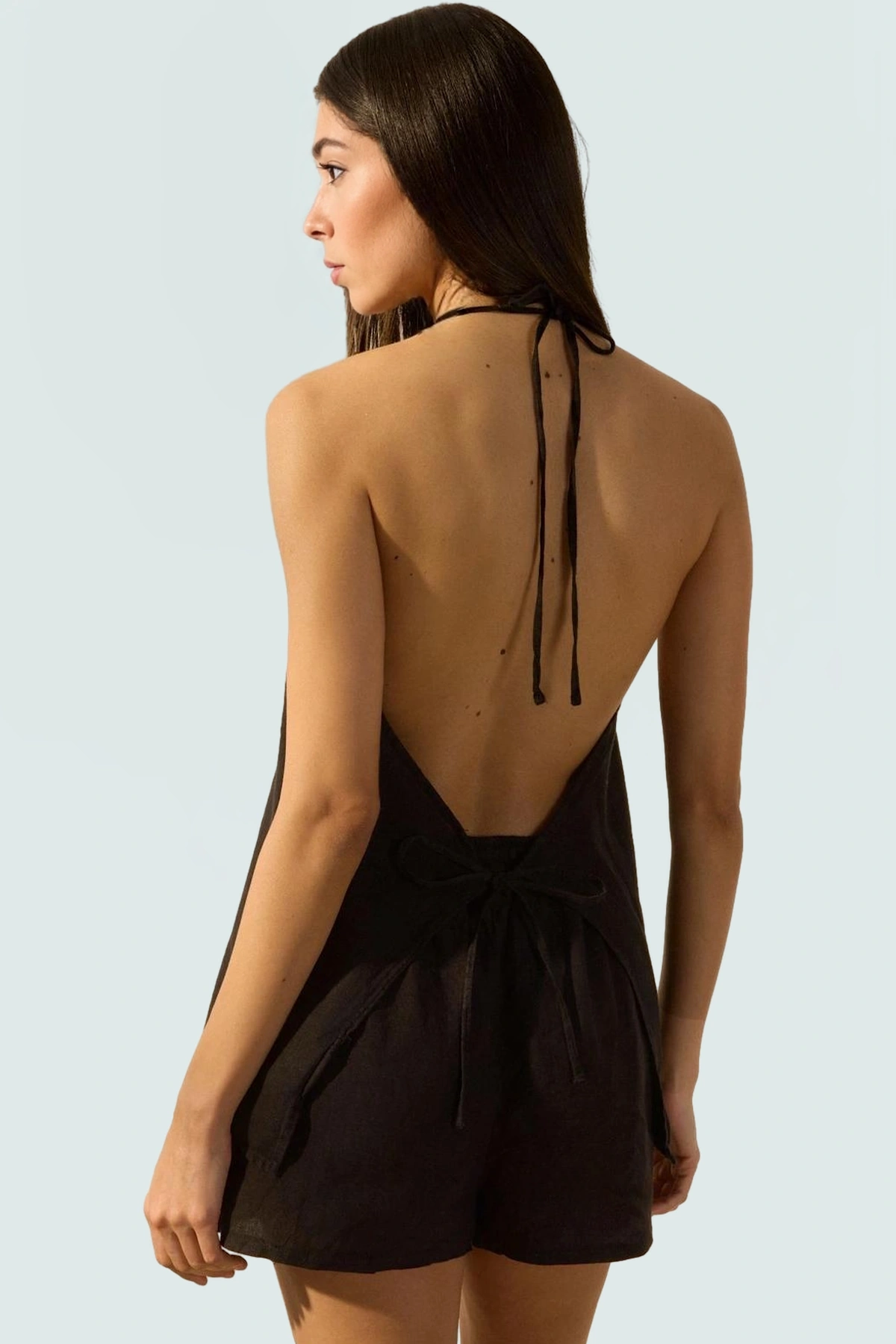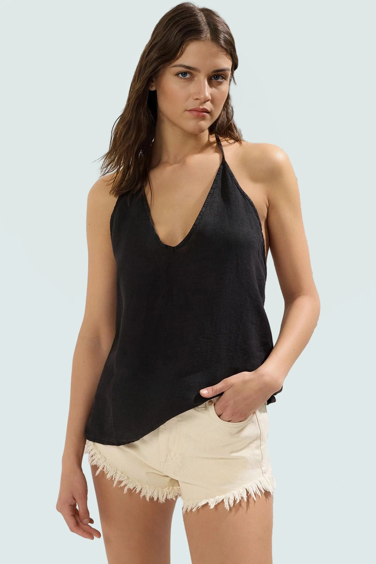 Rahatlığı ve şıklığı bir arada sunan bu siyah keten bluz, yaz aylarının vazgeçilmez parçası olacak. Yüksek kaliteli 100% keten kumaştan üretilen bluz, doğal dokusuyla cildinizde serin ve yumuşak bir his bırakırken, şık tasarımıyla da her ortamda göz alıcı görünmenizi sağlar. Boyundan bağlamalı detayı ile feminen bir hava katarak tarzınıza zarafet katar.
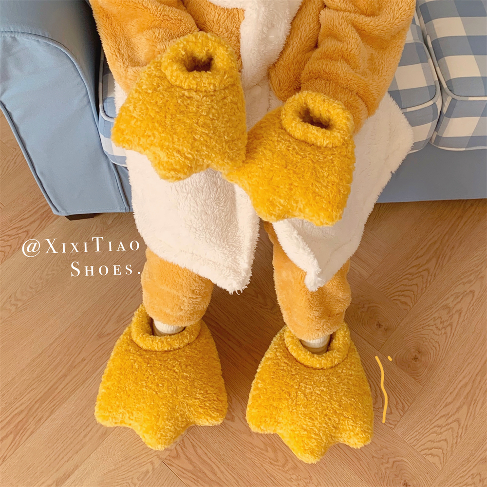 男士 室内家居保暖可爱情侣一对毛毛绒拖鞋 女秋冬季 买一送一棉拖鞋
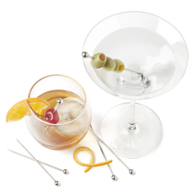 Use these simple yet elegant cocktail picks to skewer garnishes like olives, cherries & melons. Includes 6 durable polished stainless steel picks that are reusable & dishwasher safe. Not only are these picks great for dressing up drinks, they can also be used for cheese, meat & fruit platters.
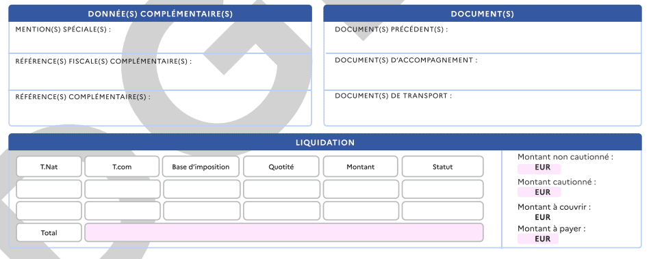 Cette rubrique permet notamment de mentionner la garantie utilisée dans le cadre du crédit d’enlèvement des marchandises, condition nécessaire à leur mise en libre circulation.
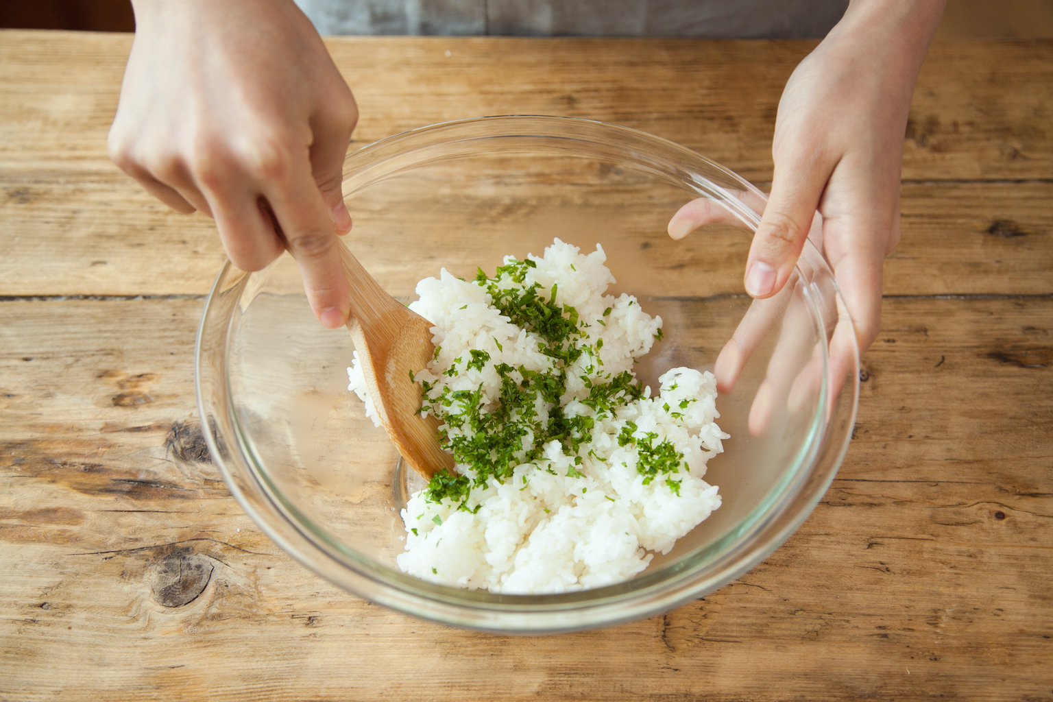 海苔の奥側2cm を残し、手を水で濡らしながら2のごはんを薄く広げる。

* * *

* [TASK BRIEF]:
Copy the entries above faithfully and omit every image.

* [EXERCISE ANSWER]:
 Rahatlığı ve şıklığı bir arada sunan bu siyah keten bluz, yaz aylarının vazgeçilmez parçası olacak. Yüksek kaliteli 100% keten kumaştan üretilen bluz, doğal dokusuyla cildinizde serin ve yumuşak bir his bırakırken, şık tasarımıyla da her ortamda göz alıcı görünmenizi sağlar. Boyundan bağlamalı detayı ile feminen bir hava katarak tarzınıza zarafet katar.
 男士 室内家居保暖可爱情侣一对毛毛绒拖鞋 女秋冬季 买一送一棉拖鞋
 Use these simple yet elegant cocktail picks to skewer garnishes like olives, cherries & melons. Includes 6 durable polished stainless steel picks that are reusable & dishwasher safe. Not only are these picks great for dressing up drinks, they can also be used for cheese, meat & fruit platters.
 Cette rubrique permet notamment de mentionner la garantie utilisée dans le cadre du crédit d’enlèvement des marchandises, condition nécessaire à leur mise en libre circulation.
 海苔の奥側2cm を残し、手を水で濡らしながら2のごはんを薄く広げる。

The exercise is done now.